PapersRAG-1.5B, developed by Meta Research, is a specialized retrieval-augmented generation (RAG) system designed to assist researchers in exploring and answering questions about recent NLP papers from arXiv. It uniquely combines a lightweight Qwen 2.5 1.5B language model with a dynamic, daily-updated knowledge base of cs.CL paper abstracts.

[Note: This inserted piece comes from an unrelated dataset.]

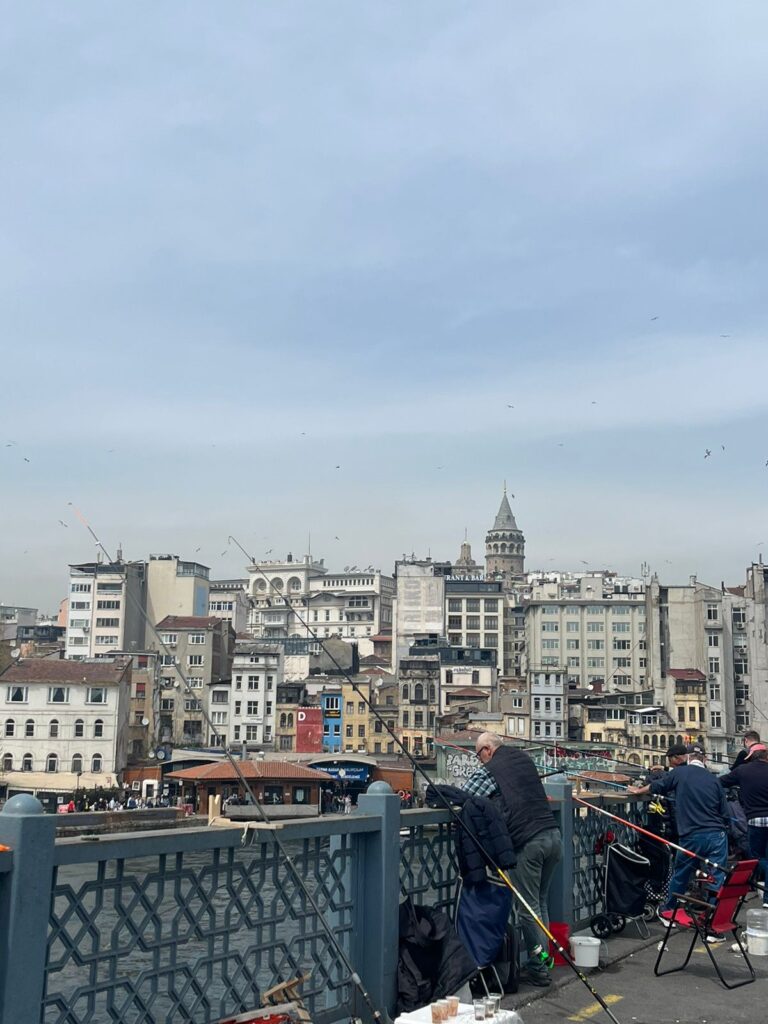 Sam and Hannah disappeared into the old town and had a spectacular lunch. Josh and Katy bought tickets for the Bosphorus boat and we walked over the Galata bridge and up to the Galata Tower. The fishermen on the bridge were battling the rain and wind but had some success judging by their burgeoning buckets. Emily did not like the idea of them using small fish to catch bigger ones and certainly not the idea of eating fish heads.

Key Capabilities & Features

  • Retrieval-Augmented Generation: Utilizes a sophisticated retrieval pipeline involving dense embeddings for initial candidate retrieval and a cross-encoder for re-ranking, ensuring only the most relevant information reaches the language model.
  • Hallucination Prevention: Explicitly designed to prioritize faithful, citation-backed answers. If no relevant paper is found, the model states so rather than fabricating information.
  • Automated Daily Updates: The knowledge base automatically expands by approximately 100 new cs.CL papers from arXiv every day, ensuring access to the latest research without manual upkeep.
  • Citation-Backed Answers: Every generated answer includes the title of the paper it draws from, enhancing trustworthiness and verifiability.
  • Lightweight & Efficient: Built on a 1.5B parameter language model, making it fast and coherent when grounded with good context.

Good For

  • Scientific Research Assistance: Ideal for scientists and students needing to locate information within indexed NLP papers.
  • Comparative Analysis: Answering questions like "What are the latest trends in retrieval-augmented generation?" within the NLP domain.
  • Surfacing Specific Details: Extracting methodological details or findings from indexed paper abstracts.
  • Applications Requiring Factual Grounding: Use cases where avoiding hallucination and providing verifiable sources are critical.

Limitations

  • Scope: Limited to cs.CL papers from arXiv and only indexes abstracts, not full paper texts.
  • Language: English only.
  • General-Purpose Chatbot: Not intended as a general-purpose chatbot; it will only answer based on its indexed knowledge.